There are channels from China, Korea, India and several other countries and languages, but nothing from Canada. Is there a specific reason? Is it politics? Economics?

CBC has a lot of good shows I'd like to see, but it isn't possible.


----------



## jclewter79 (Jan 8, 2008)

Yes, its politics.

http://www.dbstalk.com/showthread.php?t=159489


----------



## SayWhat? (Jun 7, 2009)

> Email - Joe: Canadian content on DISH?
> A: We can't get the rights. You can get it via an off air antenna.


Sounds more business than political. Anybody know anything from the CBC point of view?


----------



## Jon Ellis (Dec 28, 2003)

I, too, think it's crazy that I could subscribe to TV from dozens of countries around the world but not the one that's 100 miles north of me, even though we speak the same language.

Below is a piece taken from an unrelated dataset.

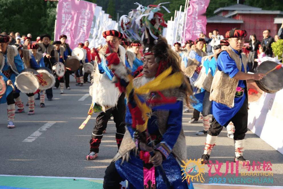 汶川有着被称为“云朵上的民族”——羌族,他们一直保留着流传数千年古老且神秘的民族文化,每年开赛前,羊皮鼓舞表演为所有跑者送上一年来最独特的“祈福”。

It doesn't really have anything to do with copyright law since a special feed for the U.S. could easily be created if one of the providers wanted to work with a Canadian channel, most likely CBC since they have the most original content. More likely there just isn't enough demand. The #1 request would probably be Hockey Night in Canada, but that's already spoken for.


----------



## Jimmy 440 (Nov 17, 2007)

It would be nice to see what our good neighbors to the north are up to.It's really bad when the government tells us what we can and can't watch !


----------



## SamC (Jan 20, 2003)

Canadian channels buy Canadian rights to programs. Canada has 1/11th of the English speaking population that the US does, and thus the rights are priced accordingly. Most shows on Canadian TV are produced in the US or other English speaking countries.

The original content on the CBC and elsewhere, is the property of the producers (the CBC or otherwise) and some finds its way to US TV on occasion. The CBC, and others, used to own the Trio channel, which showed Canadian reruns. It died out for reasons we cannot talk about.


----------



## marks177 (Jun 26, 2009)

http://en.wikipedia.org/wiki/List_of_Canadian_television_channels


----------



## Jaspear (May 16, 2004)

SamC said:


> Canadian channels buy Canadian rights to programs. Canada has 1/11th of the English speaking population that the US does, and thus the rights are priced accordingly. Most shows on Canadian TV are produced in the US or other English speaking countries.
> 
> The original content on the CBC and elsewhere, is the property of the producers (the CBC or otherwise) and some finds its way to US TV on occasion. The CBC, and others, used to own the Trio channel, which showed Canadian reruns. It died out for reasons we cannot talk about.


It died out because nobody was watching it. We can't talk about that?

Of course, the carcass was eventually bought by Somebody-I-Can't-Mention, but that's a different issue.


----------



## JJJBBB (May 26, 2007)

Living in Buffalo we get a few cross border HD channels from Toronto Canada and in *my opinion* *only*, the reason is simply, most of their programming is US and the rest is mostly garbage. I can count on one hand the number of good Canadian shows I have seen form these 5 or 6 channels... which by the way DirecTV blocks their PSIP data stream in the guide. Anyway this is probably why they are at great odds with their government regulator all the time for more US based signals so you are missing nothing!


----------